Das Basanta Kumar, Paul Sanatan, Mandal Biswajit, Gogoi Pranab, Paul Liton, Saha Ajoy, Johnson Canciyal, Das Akankshya, Ray Archisman, Roy Shreya, Das Gupta Shubhadeep
ICAR-Central Inland Fisheries Research Institute, Barrackpore, Kolkata, 700120, West Bengal, India.
Environ Sci Pollut Res Int. 2025 Feb;32(8):4670-4689. doi: 10.1007/s11356-025-35999-z. Epub 2025 Jan 30.
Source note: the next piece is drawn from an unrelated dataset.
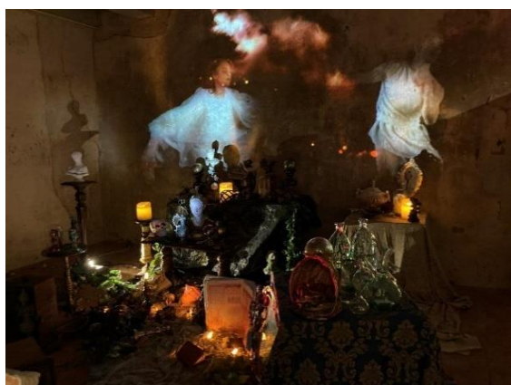
Sortilèges amoureux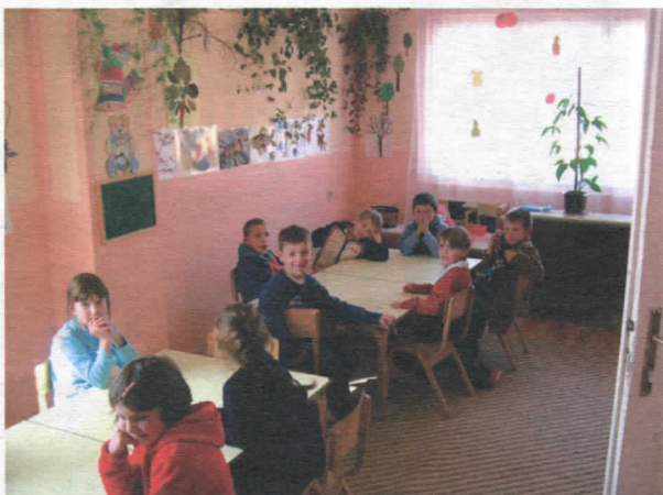
Обданиште у с. Алакинцу- унутрашњост

Nitrate, a highly reactive form of inorganic nitrogen, is commonly found in aquatic environments. Understanding the dynamics of nitrate-N concentration in rivers and its interactions with other water-quality parameters is crucial for effective freshwater ecosystem management. This study uses advanced machine learning models to analyse water quality parameters and predict nitrate-N concentrations in the lower stretch of the Ganga River from the observations of six annual periods (2017 to 2022). The parameters include water temperature, pH, specific conductivity (Sp_Con), dissolved oxygen (DO), nitrate-N, total phosphate (TP), turbidity, biochemical oxygen demand (BOD), silicate, total dissolved solids (TDS), and rainfall. The present study evaluated the predictive performance of five models-Multiple Polynomial Regression (MPR), Generalized Additive Models (GAMs), Decision Tree Regression, Random Forest (RF), and XGBoost (Extreme Gradient Boosting)-using RMSE, MAE, MAPE, NSE and R metrics. XGBoost emerged as the top performer, with an RMSE of 0.024, MAE of 0.018, MAPE of 51.805, NSE of 0.855 and R of 0.85, explaining 85% of the variance in nitrate-N concentrations. Random Forest also demonstrated strong predictive capability, with an RMSE of 0.028, MAE of 0.021, MAPE of 57.272, NSE of 0.804 and R of 0.80. MPR effectively modelled non-linear relationships, explaining 75% of the variance, while Decision Tree Regression and GAMs were less effective, with R values of 0.60 and 0.48, respectively. Variables (BOD, pH, Rainfall, water temperature, and total phosphate) were the best predictors of nitrate-N dynamics. Comparative analysis with previous studies confirmed the robustness of XGBoost and Random Forest in environmental data modelling. The findings highlight the importance of advanced machine learning models in accurately predicting water quality parameters and facilitating proactive management strategies.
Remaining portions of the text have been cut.